The Historical Echo Chamber
deBoer places the current AI panic in a long lineage of failed predictions, drawing a direct line to the late 2000s and the rise of Google. He references the "Clay Shirky-style, 'we have Google now so college is going to disappear' stuff too," noting that these predictions were always rooted in a misunderstanding of human behavior rather than technological capability. Just as the promise of the internet was supposed to create a nation of self-educators, the current hope is that LLMs will do the same. deBoer writes, "The much-ballyhooed prediction that Google would create a nation of busy little autodidacts has clearly not come to pass. Of course it hasn't! Most people aren't busy little self-starters who will diligently learn on their own."
This historical context is vital. It reminds us that the "end of college" has been predicted for decades, yet enrollment remains robust despite rising costs. deBoer argues that "colleges and universities have proven themselves to be arguably the most tenacious and adaptable of all human institutions; there are far more higher education organizations extant that are more than 300 years old than there are governments that have existed in the same form for that long." The argument here is that the persistence of the institution is not an accident, but a reflection of a deep human need for structure that technology cannot replicate. Critics might note that this view underestimates the potential for AI to personalize learning in ways that traditional institutions cannot, but deBoer's evidence on past failures suggests skepticism is warranted.
The Failure of Self-Regulation
The core of deBoer's argument rests on the data from the Massive Open Online Course (MOOC) revolution of the early 2010s. He highlights how the promise of free, elite lectures led to a collapse in completion rates, proving that access is not the same as education. He cites a Science analysis of HarvardX and MITx data, noting that "the vast majority of MOOC learners never return after their first year" and that "the bane of MOOCs—low completion rates—has not improved over 6 years."
This data is the smoking gun for the Library Card Fallacy. deBoer explains that even when students intend to finish, they often fail without external pressure. "EDUCAUSE research controlled for student intent and still found that among students who explicitly intended to complete a course, only 22 percent actually did so." The technology was there, the content was free, but the human element of discipline was missing. deBoer writes, "MOOCs, in other words, turned out to be incapable of supplying what their students needed the most: the capacity for self-regulated learning, realistic goal setting, real interest, perseverance, time management..." This is a powerful critique of the current AI hype, suggesting that giving students a tool to generate answers does not solve the problem of making them want to learn the underlying concepts.
"The sunny, supposedly egalitarian vision of a world full of people hungry to learn just doesn't fit the reality.

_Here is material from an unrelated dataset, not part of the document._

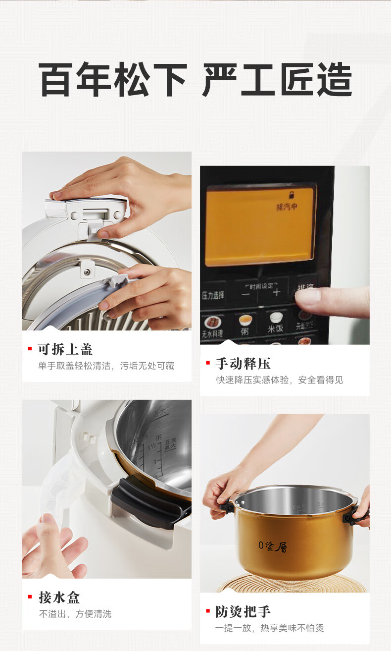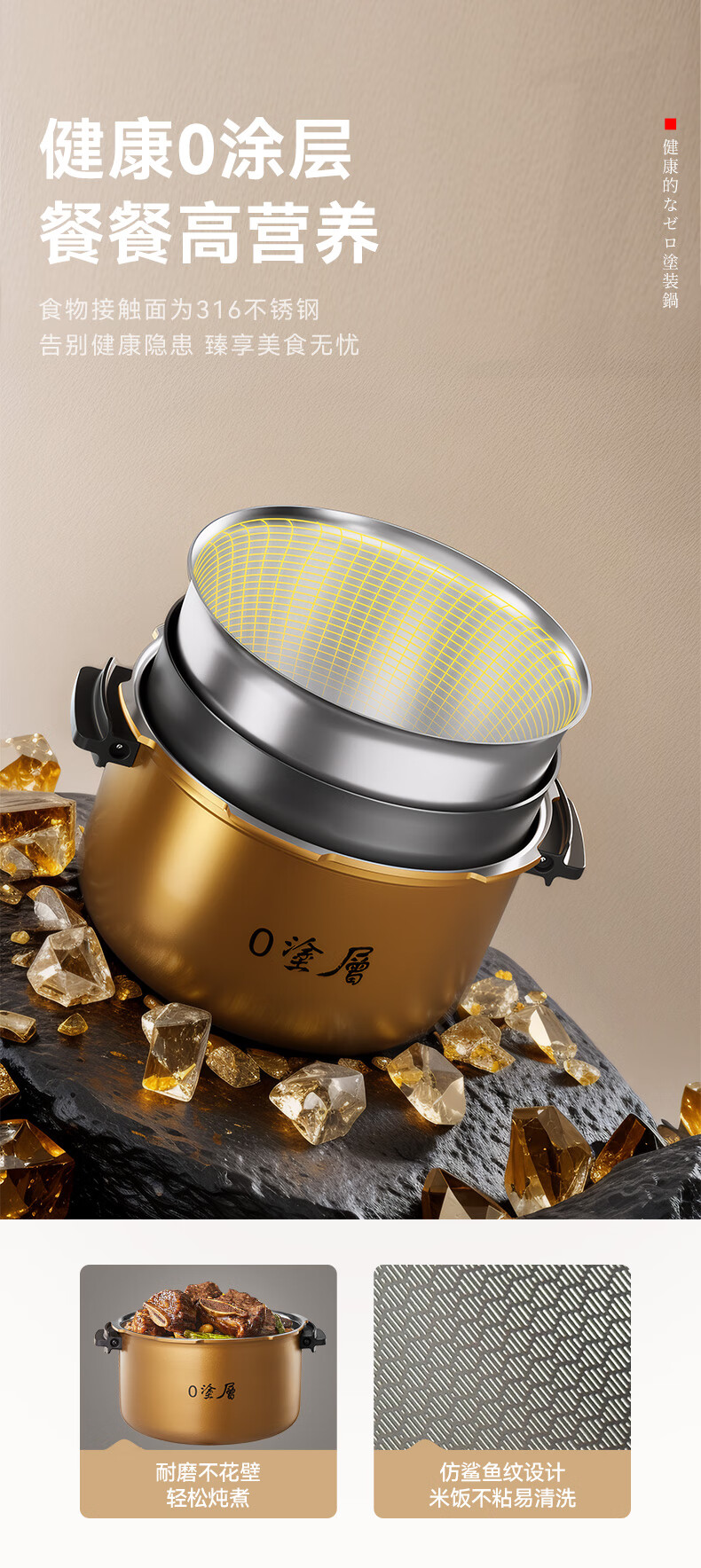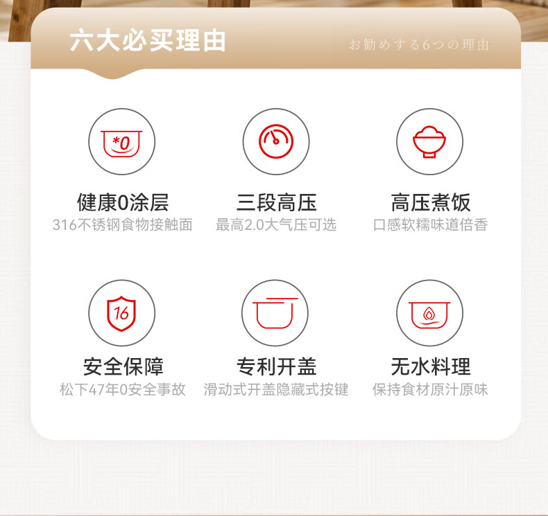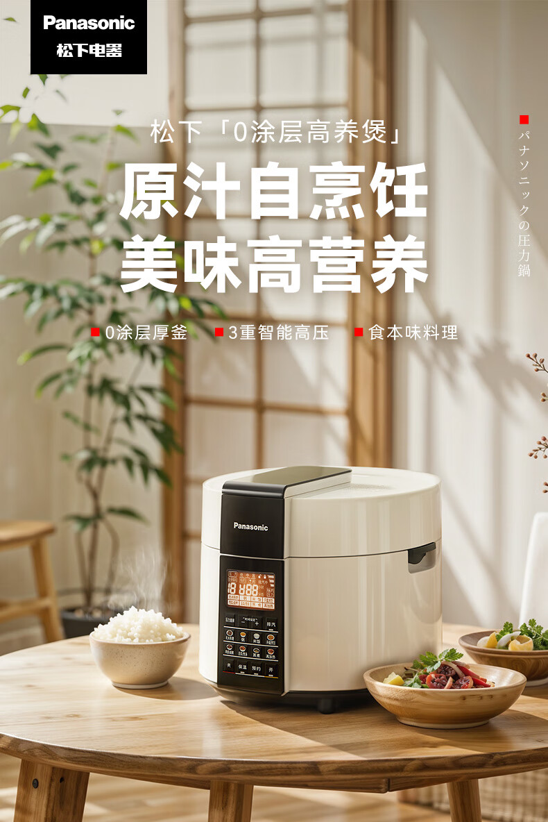松下(Panasonic)电压力锅0涂层316不锈钢内胆高压锅5L家用智能电饭煲2.0倍高压煲汤煮饭 PSS501

Look around you. How many people are spending their free time learning?"
Bottom Line
Freddie deBoer's most compelling contribution is the identification of the "Library Card Fallacy" as the root error in both the Google and AI eras: the belief that democratizing information automatically democratizes education. The argument is strongest when it relies on the hard data of MOOC completion rates to prove that human beings generally resist self-directed learning without institutional scaffolding. However, the piece's biggest vulnerability is its potential dismissal of how AI might eventually evolve to provide the very "nudging" and accountability that traditional schools offer, rather than just information. For now, though, deBoer offers a necessary corrective to the hype: the future of learning will likely look more like the past, with schools adapting rather than disappearing.